Al-Azhar yang menjadi tempat kita belajar, saat ini tengah mengalami penurunan kualitas. Dulu al-Azhar mampu mencetak orang-orang sekaliber Muhammad Abduh, Ali Abdurraziq, Yusuf Qardlawi, Quraisy Shihab dan tokoh-tokoh lainnya. Tapi sekarang, rasanya sangat sulit. Sistem dan instrumen pendidikan yang ada sudah tidak layak pakai alias kadaluarsa, al-Azhar sudah tua. Ketuan itulah yang membuatnya tidak mampu bergerak cepat, sehingga kualitas alumninya pun perlu dipertanyakan. Di Indonesia kita banyak melihat doktor lulusan al-Azhar hanya menjadi dosen thok, kalaupun ada yang lebih dari itu, malah memiliki pemikiran yang sama sekali bertolak belakang dengan apa yang dipelajari di al-Azhar.

Sekarang ada pertanyaan, kenapa al-Azhar di Mesir seakan-akan lebih hegemonik ketimbang institusi-institusi pendidikan lain? Hal ini tentunya tidak lepas dari kata adjektif yang disandangnya, yaitu al-Syarif yang berarti mulia atau terhormat.

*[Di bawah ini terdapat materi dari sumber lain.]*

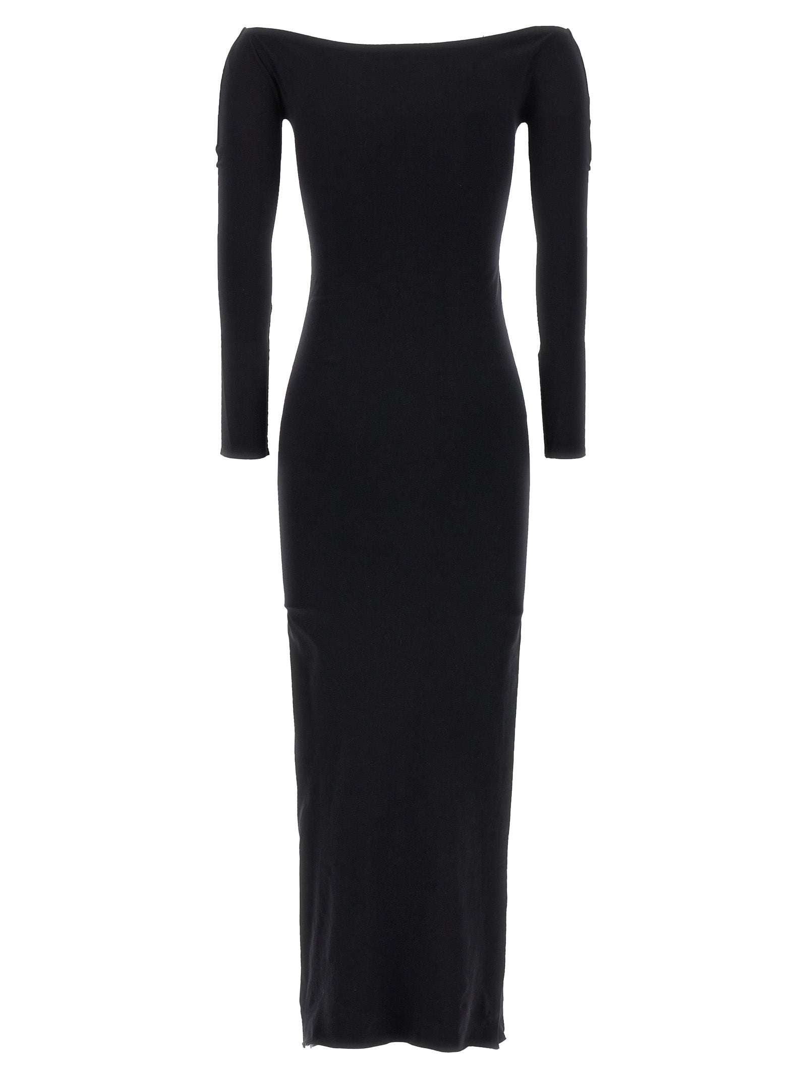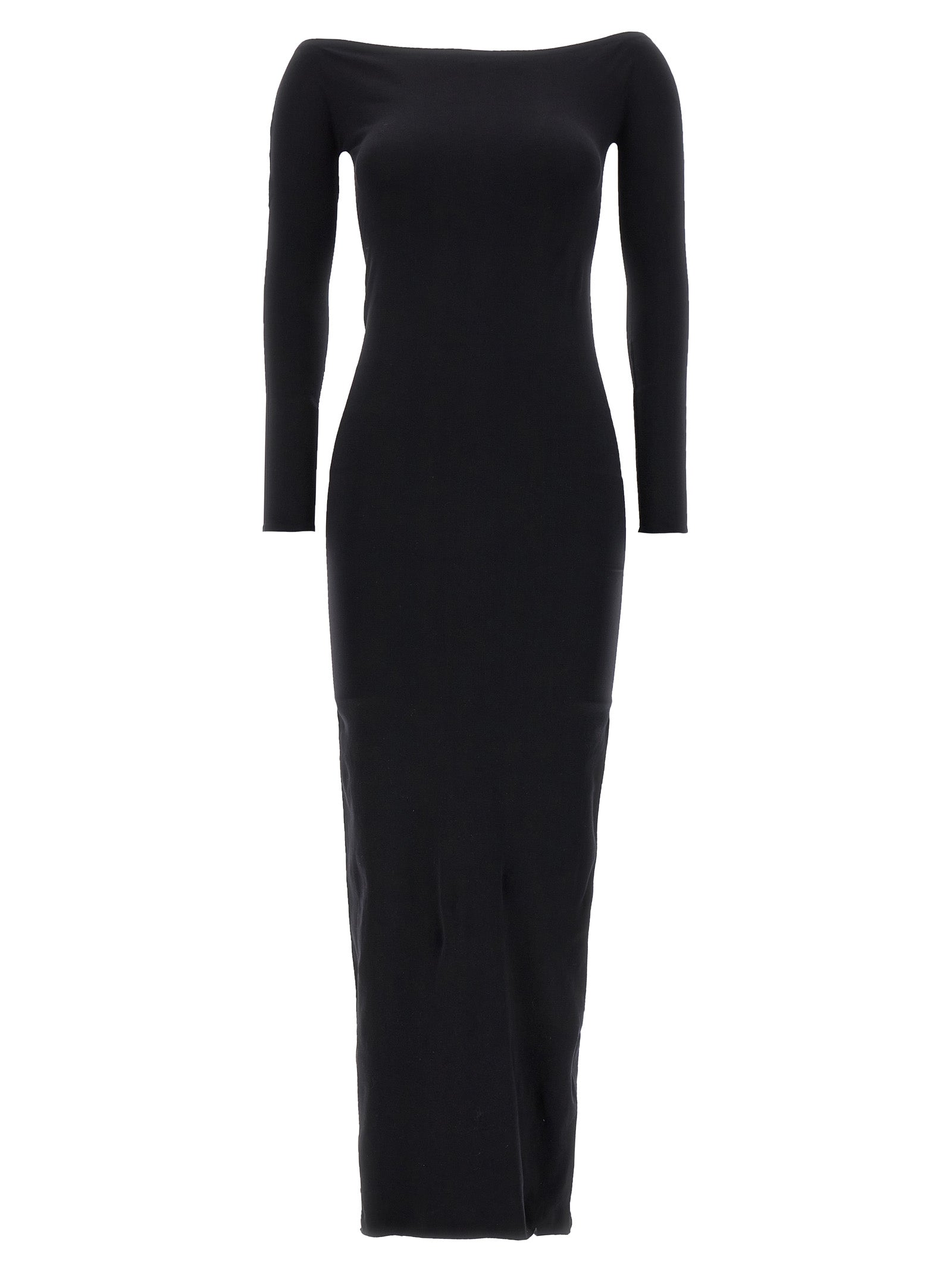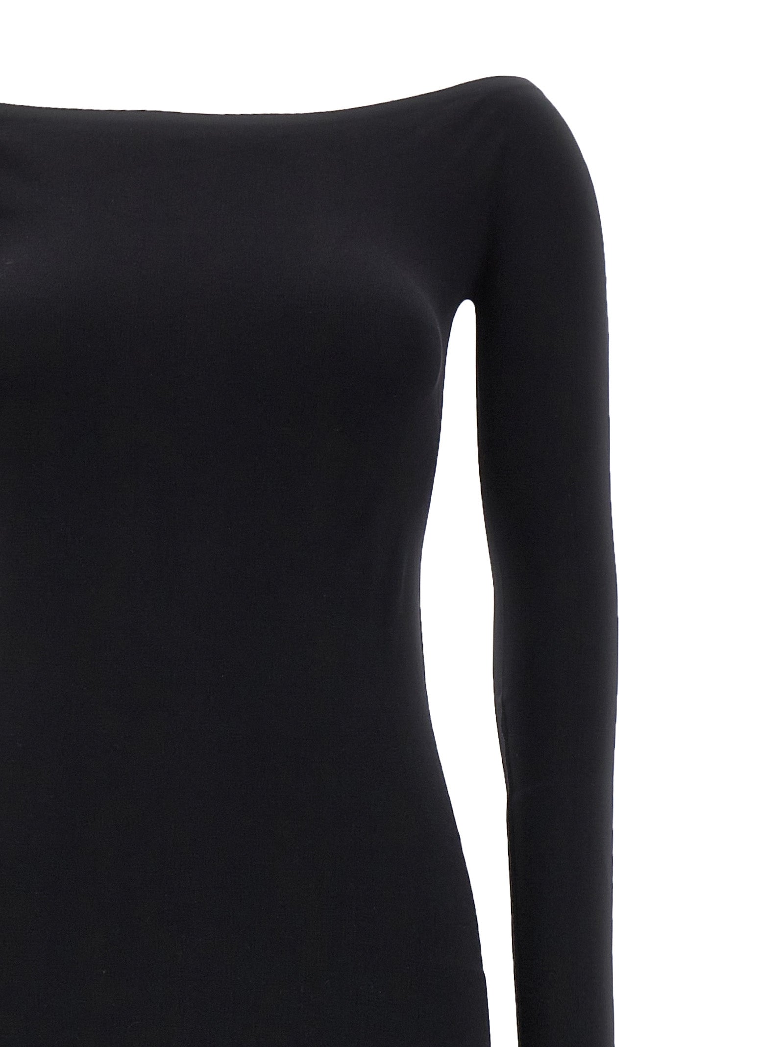 Abito in tessuto essorgia Curitiba 'con scollatura in barca, maniche lunghe e un orlo tagliato laser.

Saya kira al-Azhar sekarang sudah tidak lagi mulia atau terhormat seperti dulu, tetapi merasa mulia dan terhormat. Perasaan inilah yang membuatnya berbuat seenaknya, berfatwa sana-sini tanpa memperdulikan kebutuhan masyarakat disekelilingnya, seolah-olah kebutuhan masyarakat saat ini sama dengan kebutuhan masyarakat di masa lalu. Lebih parah lagi, semua orang harus mengikuti. Dan ini saya kira wajar. Al-Azhar sebagai universitas tertua sudah selayaknya merasa mulia dan terhormat. Lihat saja sikap orang-orang tua, karena sudah mengenyam pahit getirnya kehidupan atau karena telah banyak berjasa kepada anak-anaknya, kebanyakan dari mereka mau menang sendiri, maunya ngatur saja, semuanya harus sesuai dengan kehendaknya. Atau lihat saja orang tua yang pikun. Biasanya orang tua seperti ini gampang naik darah. Jangan sampai ada anak muda yang menentang pendapatnya, ia akan sangat marah sekali.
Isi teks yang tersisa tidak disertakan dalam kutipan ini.